Dependency Injection in Python

January 6, 2023 12 min read

Like most things in software engineering, the term dependency injection sounds a whole lot fancier than the thing it actually represents.

In this post, I will walk through what this looks like in practice and why it is a useful technique to apply.

Table of Contents

Defining dependency injection

Dependency injection can be defined as:

A design pattern whereby external dependencies are explicitly passed to a software component.

There is a slight misconception that this can only be achieved via a framework.

That is not true. There are a few main ways in which this can be done:

By passing dependencies to a method, function or class via their arguments.
With a DI framework like dependency_injector or inject in Python to bootstrap larger bits of configuration.
Alternatively, even with your own bootstrap script.

For the purposes of this post, we are going to focus on the first option. As it is probably the most common approach and one which will cover the bases we need.

Coupling and cohesion

We can’t go any further without framing what we mean when we talk about coupling and cohesion.

Coupling describes how closely a set of components are dependent on each other and how closely they are connected.

Whereas cohesion relates to the degree in which components belong together.

We often talk about coupling as the devil, and something which we should strive to eliminate. And to an extent, that is a valiant cause. But it misses a slight nuance. Without any coupling, our system would be standalone components which do not interact with each other at all. I’m sure you’ll agree, that doesn’t sound all that useful!

We should however, strive to reduce and mitigate coupling throughout our systems. So that we can develop components independently of each other.

An example of tight coupling (and no DI)

For the purposes of this demo, let’s pretend we have a UserInterface class. It has an implicit dependency on the UserRepository. What kind of DB this is, is really not important. We can just assume that talks to a real database. Let us also assume that UserRepository manages connections to that database.

class UserNotAuthenticatedError(Exception):
    ...


class UserInterface:
    def __init__(self):
        self.repository = UserRepository()

    def get_user(self, user_id):
        user = self.repository.get_user(user_id=user_id)

        if not user.is_authenticated:
            raise UserNotAuthenticatedError()

        # do some extra stuff

Note that this is not good code to begin with.

We have no type hints, docstrings and some imports are missing.

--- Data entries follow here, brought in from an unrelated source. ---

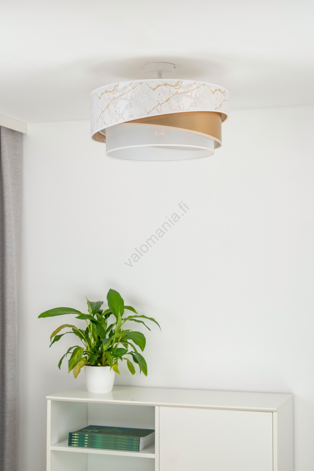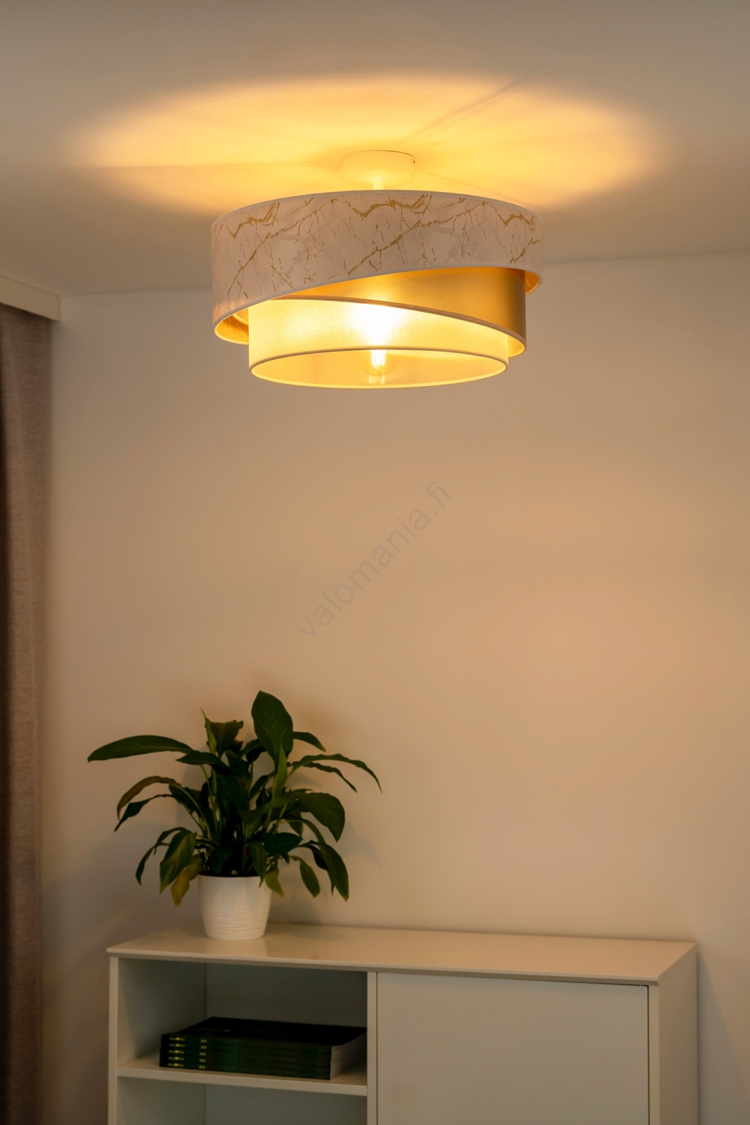 Duolla - Kiinteä kattokruunu KOBO 1xE27/15W/230V halkaisija 45 cm valkoinen/kulta merkitsee kaunista ja toimivaa muotoilua.  Valoon sopii polttimo, jossa on E27-kanta. Täältä voit ostaa myös muita lamppuja edulliseen hintaan. Mielenkiintoinen lisä kotiisi.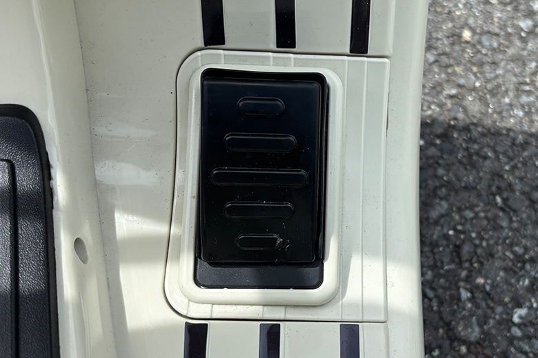左から「前進後進切り替えボタン」「クラクションと音楽」「電源ボタン」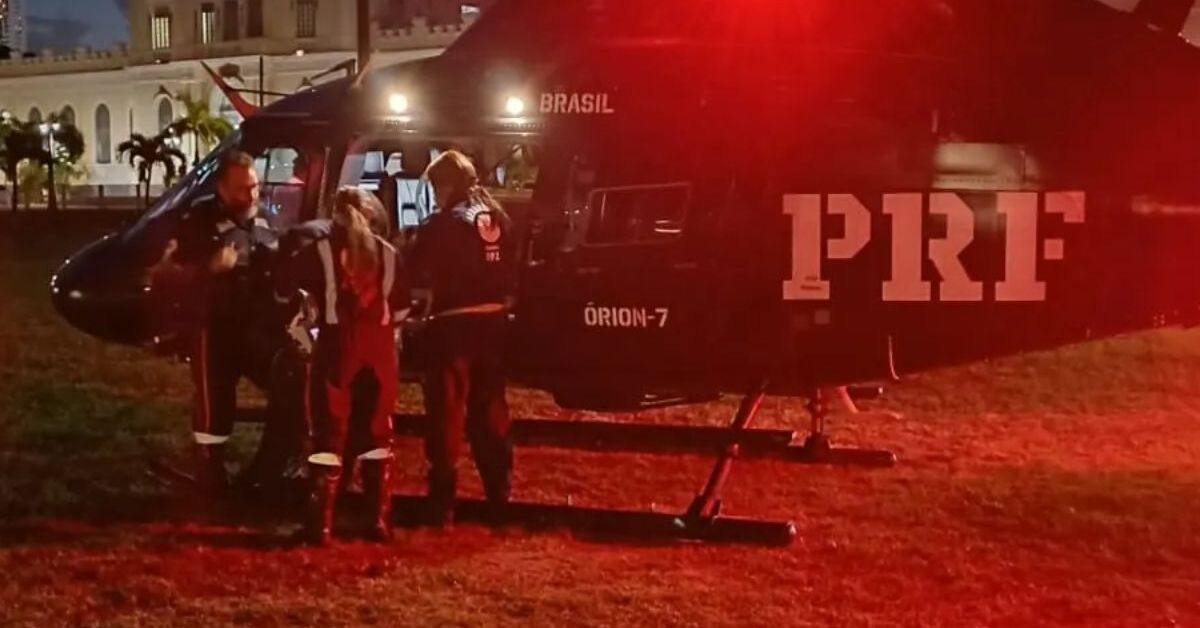 Helicóptero da PRF atuou no resgate. Foto: Divulgação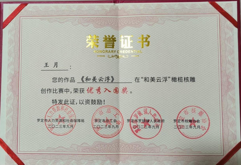 “和美云浮”橄欖核雕大賽,由云浮市文學(xué)藝術(shù)界聯(lián)合會(huì)指導(dǎo),羅定市人力資源和社會(huì)保障局、羅定市總工會(huì)、羅定市羅鏡鎮(zhèn)人民政府、羅定市核雕協(xié)會(huì)、云浮市民間文藝家協(xié)會(huì)聯(lián)合主辦。大賽參照工藝品雕刻工國(guó)家職業(yè)技能高級(jí)工標(biāo)準(zhǔn),以體現(xiàn)橄欖核雕藝術(shù)特點(diǎn)、兼具實(shí)用性、觀賞性和展示性為原則。大賽考量創(chuàng)作者的主題思想把握、核雕藝術(shù)特色、工藝手法技巧、藝術(shù)創(chuàng)意水平、形象空間美感等。自“和美云浮”橄欖核雕創(chuàng)作比賽啟動(dòng)以來,得到來自:吉林、廣州、韶關(guān)、番禺和云浮市、羅定等廣大核雕創(chuàng)作藝人的積極響應(yīng)和廣泛參與,經(jīng)過1個(gè)多月的預(yù)賽和決賽比拼,9月24日,在“慶豐收促和美”—2023 廣東云浮·羅定稻米金香暨第二屆橄欖核雕文化活動(dòng)啟動(dòng)儀式上,公布了結(jié)果并舉行頒獎(jiǎng)儀式。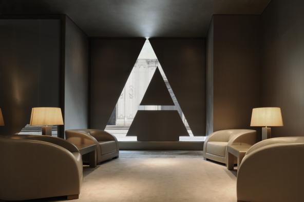 Em plena Via Manzoni, no coração do quadrilátero da moda de Milão.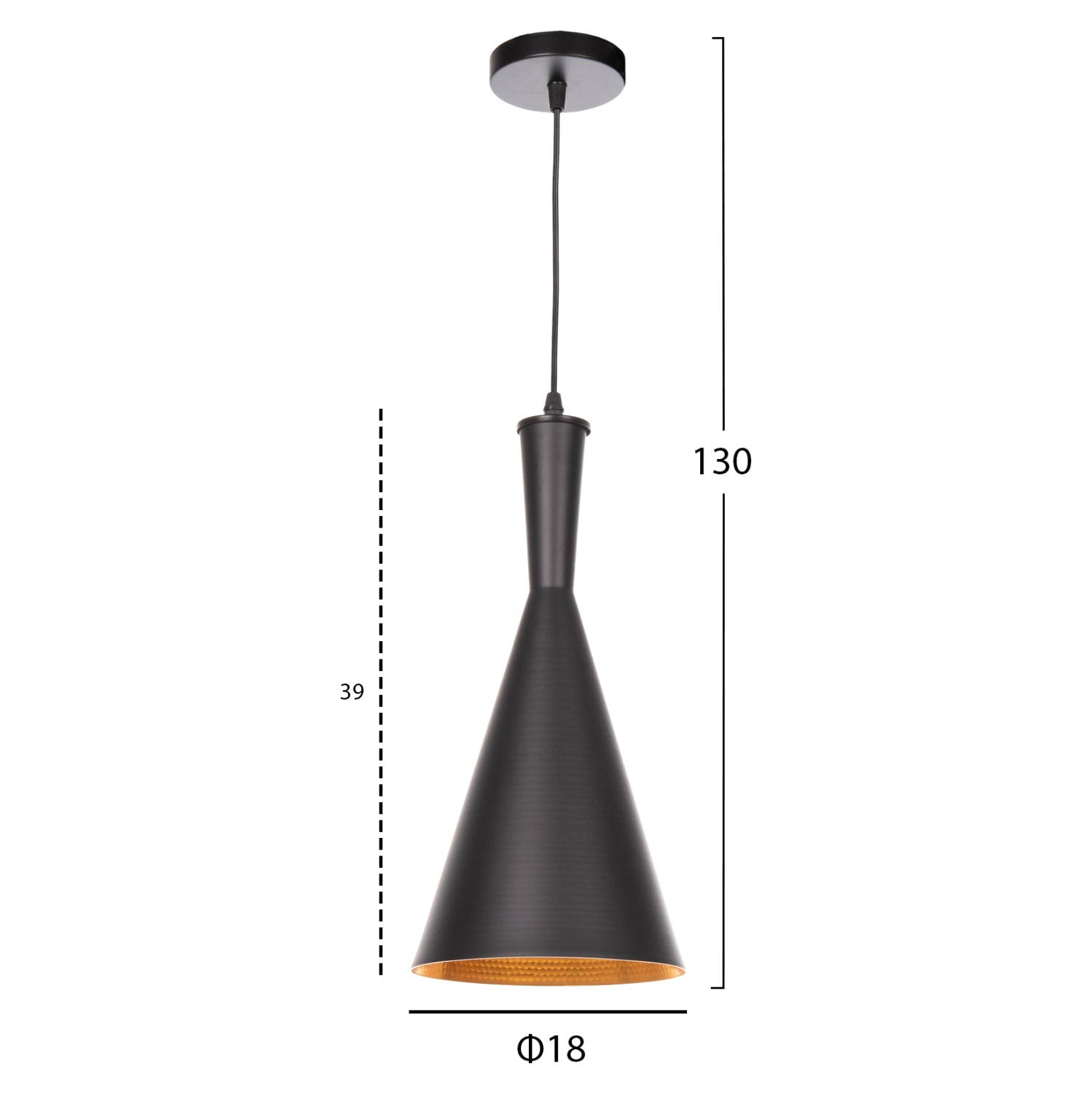 Ανακαλύψτε αυτό το νέο μας κρεμαστό φωτιστικό οροφής και ολοκληρώστε την διακόσμησή σας. Πρόκειται για ένα φωτιστικό με ΜΑΥΡΟ μεταλλικό καπέλο σε σχήμα μακρόστενης καμπάνας με χρυσή επιφάνεια στην εσωτερική πλευρά του φωτιστικού.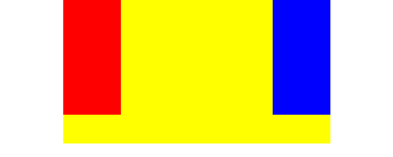 三个部分都设定为左浮动,否则左右两边内容上不去,就不可能与中间列同一行。然后设置center的宽度为100%(实现中间列内容自适应),此时,left和right部分会跳到下一行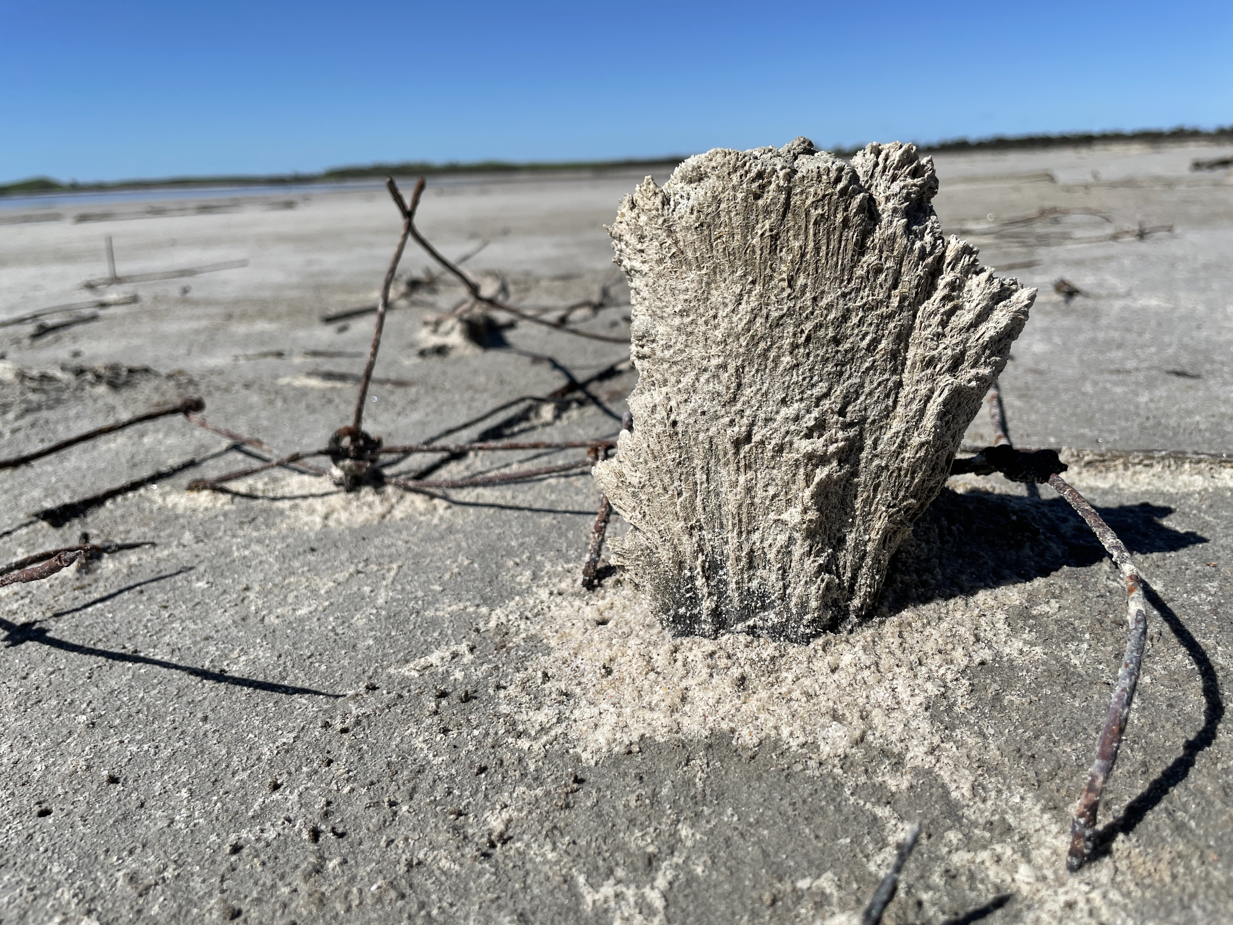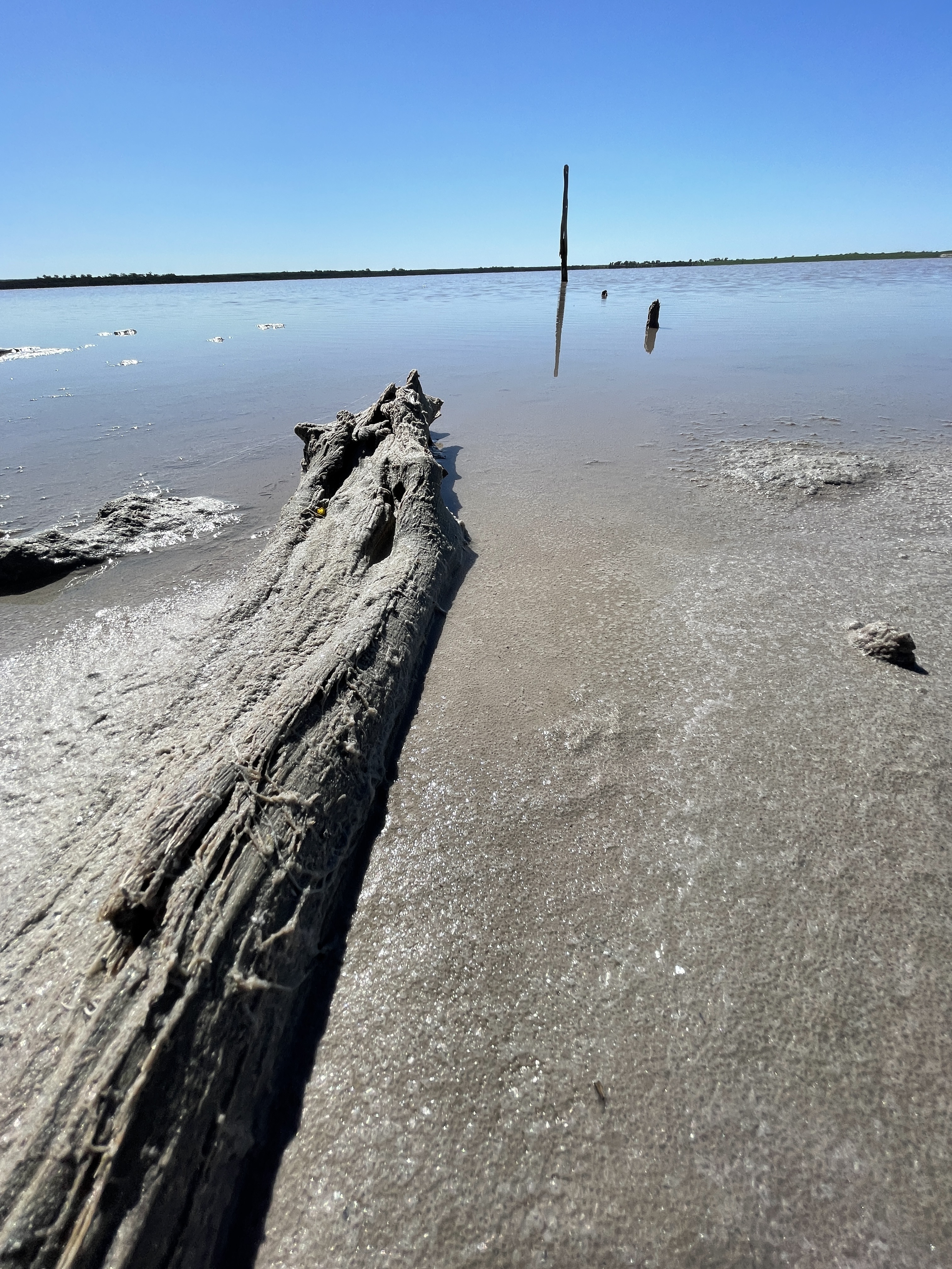 I head back to solid ground and notice that everything is preserved with salt, the half-buried blonde lumps of driftwood, crusty cracks on the drying bank, bones and the aged posts – weathered but upright thanks to the determined clay.

But let’s excuse these for now and move on!

The is_authenticated field also should probably have been wrapped into the database query. For example, if we were using the Django ORM. We might apply the following query:

User.objects.filter(is_authenticated=False, pk=user_id).exists

(The SQLAlchemy version of this would be fairly similar)

Or even the following, by leveraging the User.DoesNotExist exception which would be thrown if there was no result:

User.objects.get(pk=user_id, is_authenticated=False)

But we’re getting off track here, let’s move on!

It can be said that our UserInterface class is tightly coupled to the UserRepository and to the database itself.

It depends on UserRepository to retrieve the User record to fulfill its role.

Starting with a test

To guide our demonstration we will start with writing a unit test. We want a test to ensure that we can capture what happens when the user we retrieve is not authenticated.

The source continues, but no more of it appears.